- **What to produce**:
Once the pictures have been set aside, copy every remaining entry exactly.

+++++

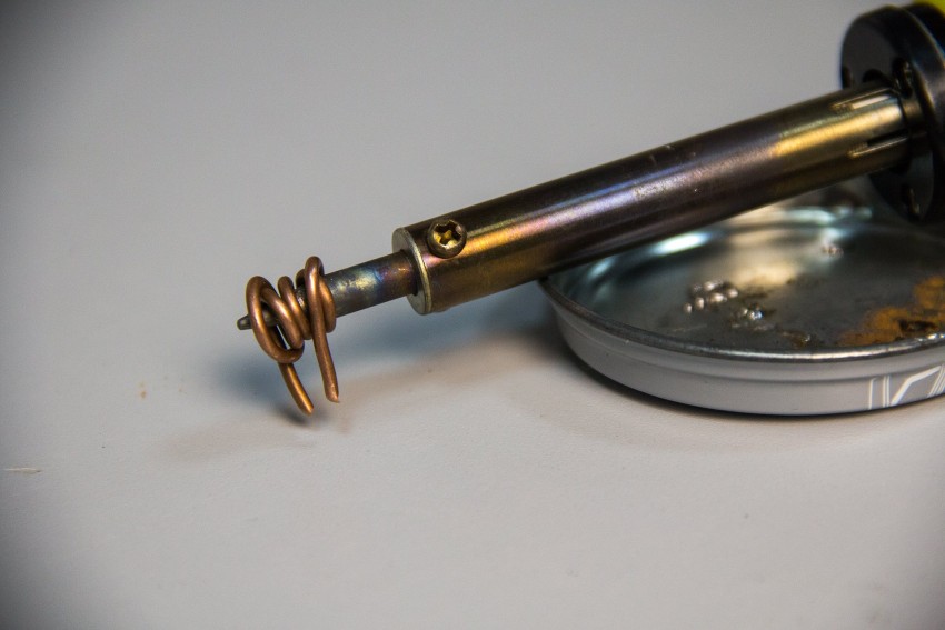 Прямой конец получившегося медного элемента нужно обработать, допустим, при помощи наждачной бумаги, чтобы он был острым, как иголка. Именно этот конец будет жалом самодельного мини-паяльника.
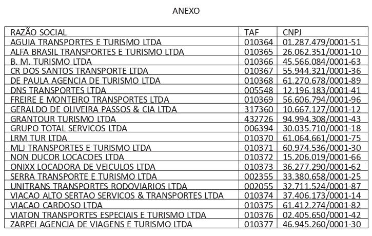 Veja a seguir a relação das empresas atendidas, conforme o anexo publicado:
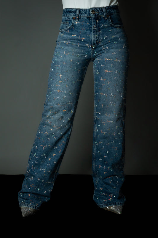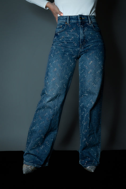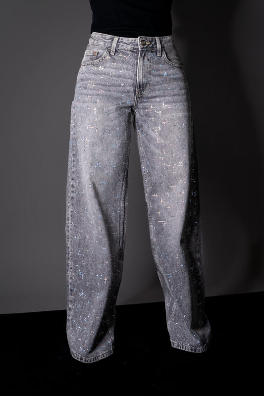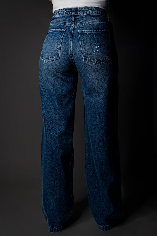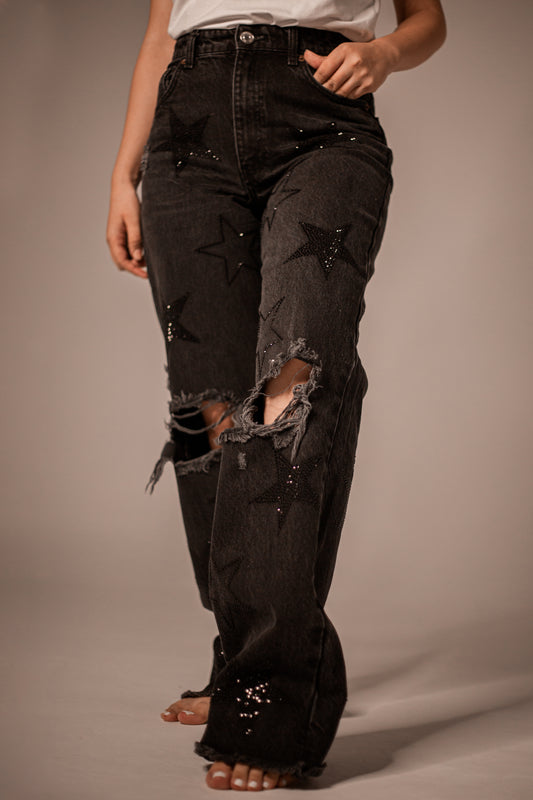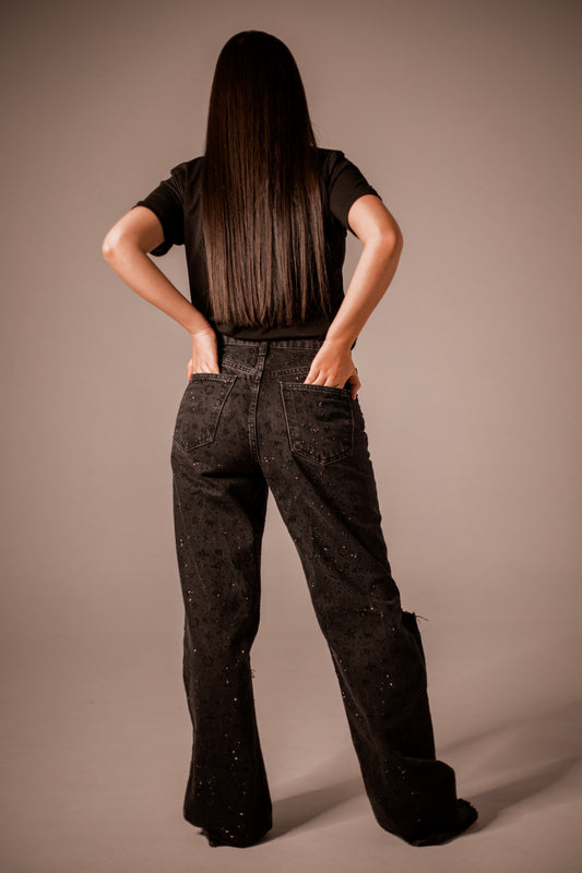 Jean Black Star Llenas Y Vacias Wide Leg High Rise
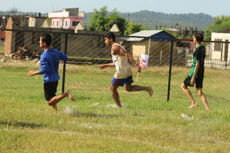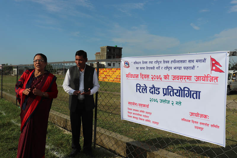संविधान दिवसको अवसरमा रिले दौड सम्पन्न भएको छ । विभिन्न कार्यक्रम गरी दिवसलाई भब्यताका साथ मनाउने क्रममा पहिलो दिन चार सय मिटरको रिले दौड सम्पन्न भएको हो ।
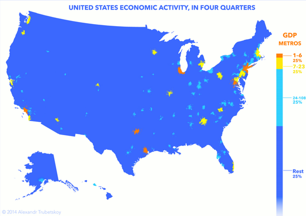 Wow! RT @conradhackett: 1/4 of all US economic activity occurs in each color zone
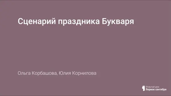 Сценарий Праздника Букваря предназначен для двух первых классов. Сценарий состоит из двух частей: стихотворного монтажа и концертной части. В начале праздника все дети выстроены на сцене. В стихотворном монтаже участвует каждый ученик. В концертной части роли ведущих и Шапокляк исполняют старшеклассники. Сценки, песни и танцевальные номера исполняют первоклассники.
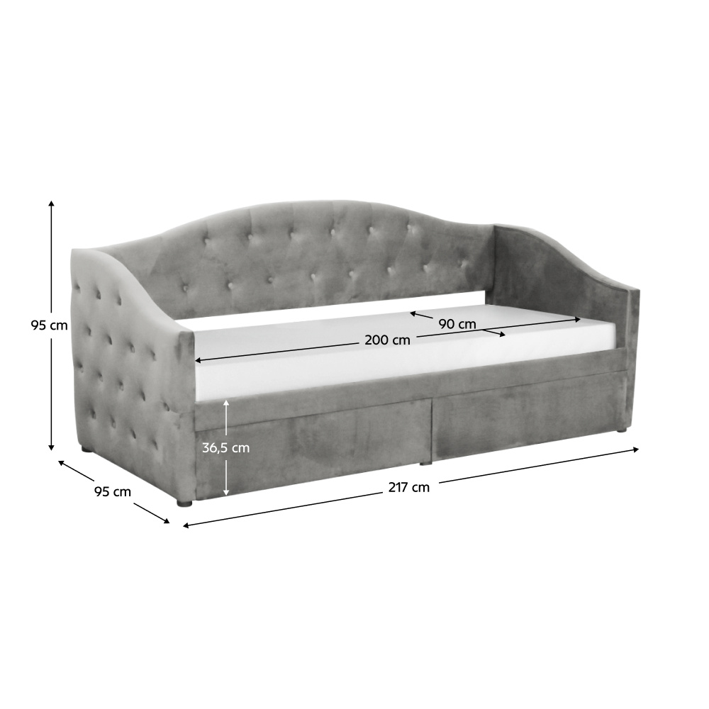 Materiál: látka Velvet/DTD/MDF/laminovaná dýha Oděruodolnost textilie podle testu Martindale: 70 000 oděrů Barva: šedá Rozměry (ŠxHxV): 217x95x95 cm Plocha na spaní (ŠxD): 90x200 cm Čalouněná Úložný prostor Dva šuplíky Vnitřní rozměr šuplíku (ŠxHxV): 37x91,4x14,8 cm Nosnost šuplíku: 5 kg Nosnost na lůžko: 150 kg Dodáváno se 2 laťkovými rošty Výška roštu od země: 36,5 cm Dodáváno bez matrace Doporučujeme zakoupit matraci z naší nabídky Doporučená výška matrace: 18 cm Dekorativní prošité bočnice a čelo postele Na nožičkách Dodáváno v demontu
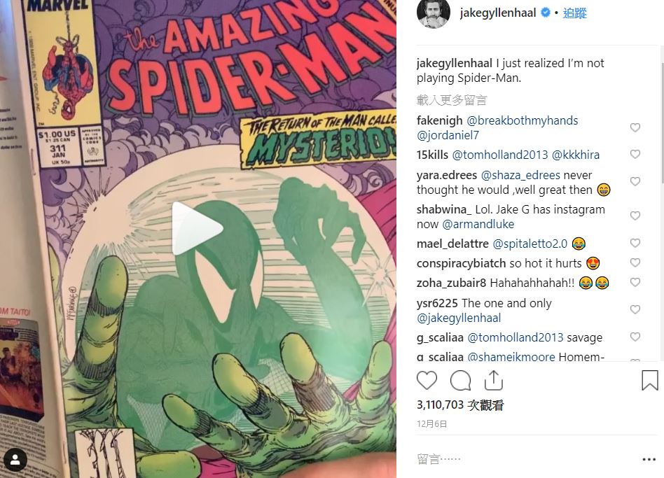 ▼傑克葛倫霍首度開設 Instagram 帳號,就搞笑拍攝短片:「看了漫畫我才知道,原來我不是演蜘蛛人...」
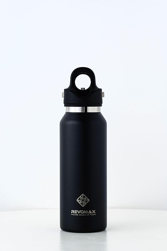 【REVOMAX公式 】12oz slim 355ml 炭酸対応 ステンレスボトル 18時間保温 36時間保冷 真空断熱 水筒 ギフト (Onyx Black) a
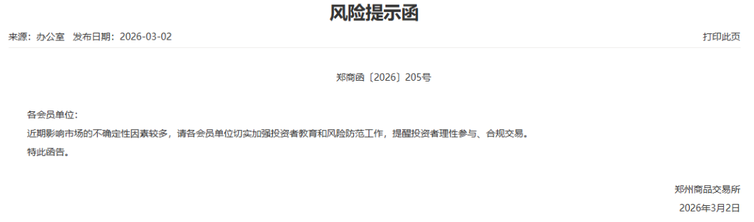 郑商所发布风险提示函:近期影响市场的不确定性因素较多,请各会员单位切实加强投资者教育和风险防范工作,提醒投资者理性参与、合规交易。
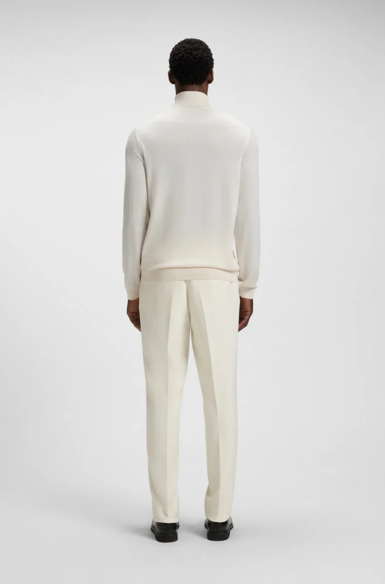 Regular fit-tröja från BOSS Herr. Ett stilsäkert val för alla årstider. Tillverkad av merinoull som andas. Den kombinerar snygg design och mångsidig komfort och passar lika bra för dagar på kontoret som avslappnade helger. Buren av David Beckham i den nya BOSS ONE-kampanjen för underkläder/bodywear.
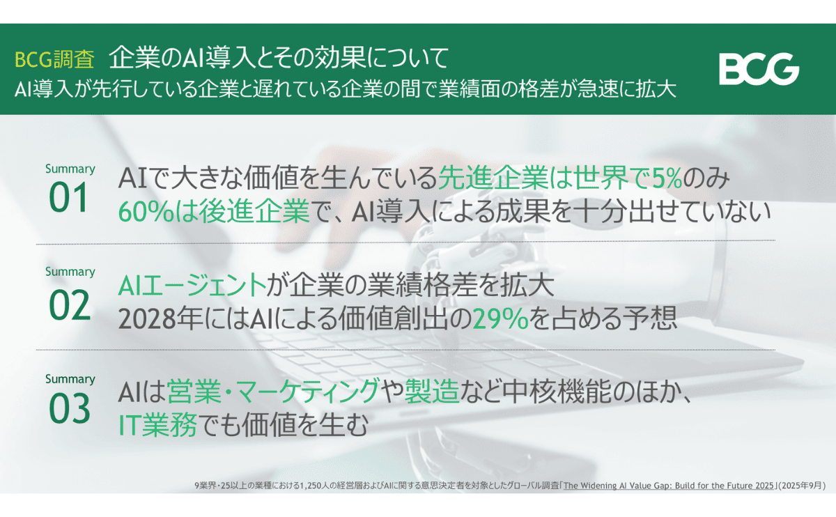 2025年10月23日、経営コンサルティングファームのボストン コンサルティング グループ(BCG)は、企業のAI導入とその効果に関する衝撃的な調査結果を発表しました。
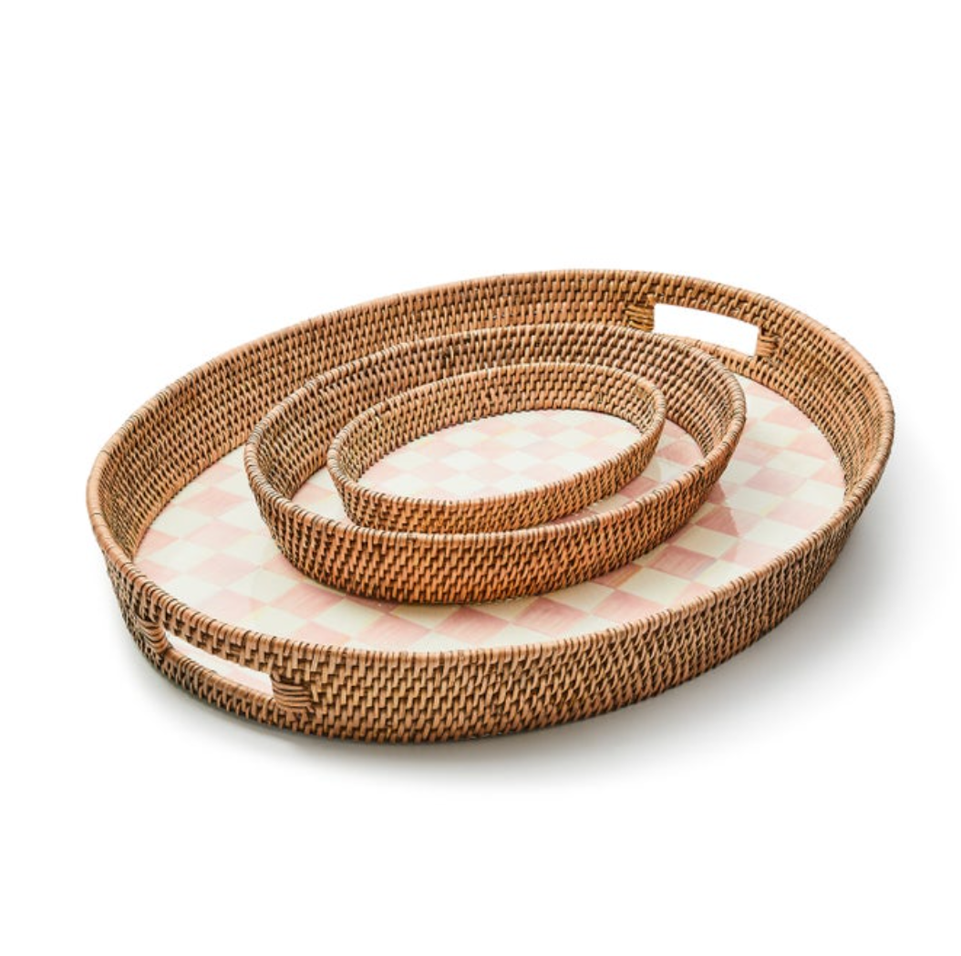 Mackenzie Childs Rosy Check Enamel & Rattan Tray
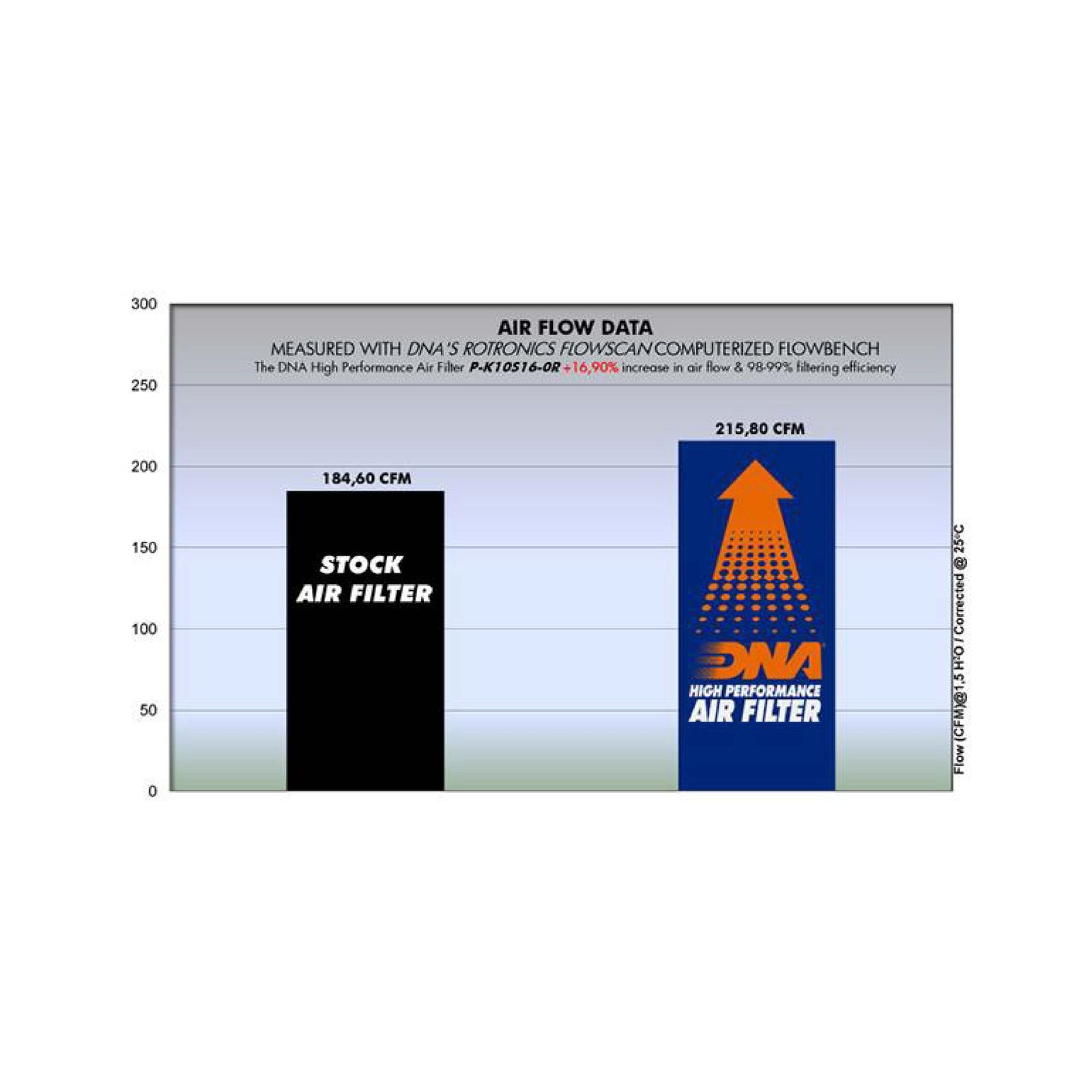 - The flow of this DNA filter is 16.90 % more than the Kawasaki stock paper filter!
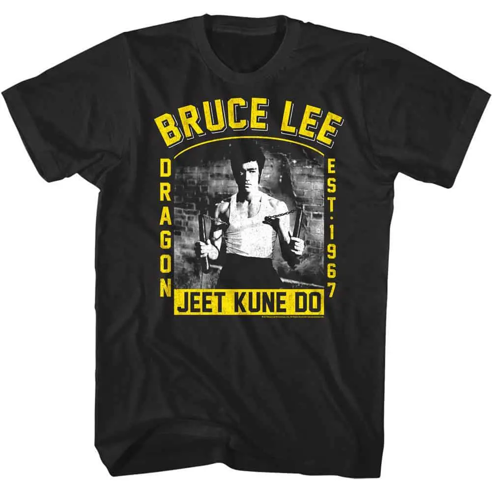 The undisputed most famous martial artist of all time? Lee Jun-fan AKA Bruce Lee was a Hong Kong-American actor, director, martial artist, instructor, philosopher and all-round legend! He was the founder of Jeet Kune Do, a hybrid martial arts philosophy drawing from different combat disciplines that is often credited with paving the way for modern MMA. Bruce Lee is considered by critics and the media to be the most influential martial artist of all time and a pop culture icon of the 20th century, who bridged the gap between East and West. Wear some martial arts history, this epic graphic Bruce Lee Dragon Est 1967 t-shirt has a vintage style print with a distressed look as if you bought it in the 70’s
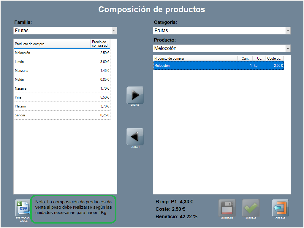 En el ejemplo, el producto de venta ‘melocotón’ descuenta la cantidad proporcional en kilos del producto de compra ‘melocotón’, a un coste de 2,50 € / kg.
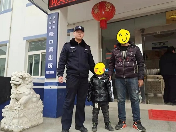 当日14时34分,峰口派出所接到110指令:峰口镇隆客多超市附近有一名疑似走失小孩。

+++++

- **Task solution**:
 Прямой конец получившегося медного элемента нужно обработать, допустим, при помощи наждачной бумаги, чтобы он был острым, как иголка. Именно этот конец будет жалом самодельного мини-паяльника.
 Veja a seguir a relação das empresas atendidas, conforme o anexo publicado:
 Jean Black Star Llenas Y Vacias Wide Leg High Rise
संविधान दिवसको अवसरमा रिले दौड सम्पन्न भएको छ । विभिन्न कार्यक्रम गरी दिवसलाई भब्यताका साथ मनाउने क्रममा पहिलो दिन चार सय मिटरको रिले दौड सम्पन्न भएको हो ।
 Wow! RT @conradhackett: 1/4 of all US economic activity occurs in each color zone
 Сценарий Праздника Букваря предназначен для двух первых классов. Сценарий состоит из двух частей: стихотворного монтажа и концертной части. В начале праздника все дети выстроены на сцене. В стихотворном монтаже участвует каждый ученик. В концертной части роли ведущих и Шапокляк исполняют старшеклассники. Сценки, песни и танцевальные номера исполняют первоклассники.
 Materiál: látka Velvet/DTD/MDF/laminovaná dýha Oděruodolnost textilie podle testu Martindale: 70 000 oděrů Barva: šedá Rozměry (ŠxHxV): 217x95x95 cm Plocha na spaní (ŠxD): 90x200 cm Čalouněná Úložný prostor Dva šuplíky Vnitřní rozměr šuplíku (ŠxHxV): 37x91,4x14,8 cm Nosnost šuplíku: 5 kg Nosnost na lůžko: 150 kg Dodáváno se 2 laťkovými rošty Výška roštu od země: 36,5 cm Dodáváno bez matrace Doporučujeme zakoupit matraci z naší nabídky Doporučená výška matrace: 18 cm Dekorativní prošité bočnice a čelo postele Na nožičkách Dodáváno v demontu
 ▼傑克葛倫霍首度開設 Instagram 帳號,就搞笑拍攝短片:「看了漫畫我才知道,原來我不是演蜘蛛人...」
 【REVOMAX公式 】12oz slim 355ml 炭酸対応 ステンレスボトル 18時間保温 36時間保冷 真空断熱 水筒 ギフト (Onyx Black) a
 郑商所发布风险提示函:近期影响市场的不确定性因素较多,请各会员单位切实加强投资者教育和风险防范工作,提醒投资者理性参与、合规交易。
 Regular fit-tröja från BOSS Herr. Ett stilsäkert val för alla årstider. Tillverkad av merinoull som andas. Den kombinerar snygg design och mångsidig komfort och passar lika bra för dagar på kontoret som avslappnade helger. Buren av David Beckham i den nya BOSS ONE-kampanjen för underkläder/bodywear.
 2025年10月23日、経営コンサルティングファームのボストン コンサルティング グループ(BCG)は、企業のAI導入とその効果に関する衝撃的な調査結果を発表しました。
 Mackenzie Childs Rosy Check Enamel & Rattan Tray
 - The flow of this DNA filter is 16.90 % more than the Kawasaki stock paper filter!
 The undisputed most famous martial artist of all time? Lee Jun-fan AKA Bruce Lee was a Hong Kong-American actor, director, martial artist, instructor, philosopher and all-round legend! He was the founder of Jeet Kune Do, a hybrid martial arts philosophy drawing from different combat disciplines that is often credited with paving the way for modern MMA. Bruce Lee is considered by critics and the media to be the most influential martial artist of all time and a pop culture icon of the 20th century, who bridged the gap between East and West. Wear some martial arts history, this epic graphic Bruce Lee Dragon Est 1967 t-shirt has a vintage style print with a distressed look as if you bought it in the 70’s
 En el ejemplo, el producto de venta ‘melocotón’ descuenta la cantidad proporcional en kilos del producto de compra ‘melocotón’, a un coste de 2,50 € / kg.
 当日14时34分,峰口派出所接到110指令:峰口镇隆客多超市附近有一名疑似走失小孩。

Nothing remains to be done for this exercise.